Every once in a while we go through a phase when we crave a certain food. Only that particular combination of ingredients, of textures and flavours can satisfy our hunger and when we get so caught up with that peculiar craving we stop thinking about other foods.
When I was in school, I went through a period when I wanted a potato-and-sliced-bread pizza every time I came home. It was the most unsophisticated dish you could imagine – boiled pieces of potato arranged on Kissan tomato ketchup spread on sliced bread and topped with grated Amul cheese. I’m not sure where my mother found this recipe but if I had to hazard a guess I’d say it’s a page out of a Tarla Dalal playbook.

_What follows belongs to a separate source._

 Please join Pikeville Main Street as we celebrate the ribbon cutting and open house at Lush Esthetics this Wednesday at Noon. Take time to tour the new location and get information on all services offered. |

Last week, I was stuck with a craving for misal. It’s one of my favourites among Mahrashtrian snacks and my unfiltered eagerness to sample it had previously led me to possibly the worst misal in the city. It was a hole-in-the-wall counter opposite the foot over bridge exit at the southern end of Elphinstone Station. The place seems to have started out as a vada pav stall and expanded into serving puri bhaji, chole and other quick snacks.

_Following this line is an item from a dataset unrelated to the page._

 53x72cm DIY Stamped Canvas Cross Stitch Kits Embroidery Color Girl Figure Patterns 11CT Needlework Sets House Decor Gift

The usal was nothing more than a vatana curry finished with ghati masala and instead of just onions it’s served with shredded Byculla bhaji (a mix of cabbage and carrots, the cheapest vegetables for restaurateurs to buy at Byculla’s wholesale market, commonly used for side salads and the pakodas in veg street Chinese). Perhaps I’m being a bit harsh, at Rs 20 it was also probably the cheapest misal in the city and my fellow diners were courier boys, peons and automobile mechanics.
Nonetheless, I still felt a bit sullied. So I made my way to Marutirao Misalwale (MM) a new misal-centric restaurant that opened about three weeks ago behind Deepak Cinema on the road leading to Century Mills and Kamala Mills. On my initial visit, which was just after it opened, I was told it’s the first Mumbai outlet of the famous Nagar chain. Nagar seemed too broad a description and I persisted with enquiring. They meant Ahmed-nagar.
The MM misal is available in three strengths: mildly spicy, medium spicy and spicy. Having learnt that the medium is a lot spicier than I can handle, I tried the mild version but also very sensibly ordered a piyush. I could just about manage the spice and quickly fell into an easy rhythm of two spoons of misal followed by three of the piyush. And yes, the thinned down piyush is thick enough to eat with a spoon.
The MM misal is a little different from the typical Kolhapuri one. Along with farsan, it also contains pieces of smashed spinach bhajiyas and boondi. As with most places, they’ll happily top up the usal; but unlike other restaurants the staff is very friendly and genuinely interested in what you think of the food.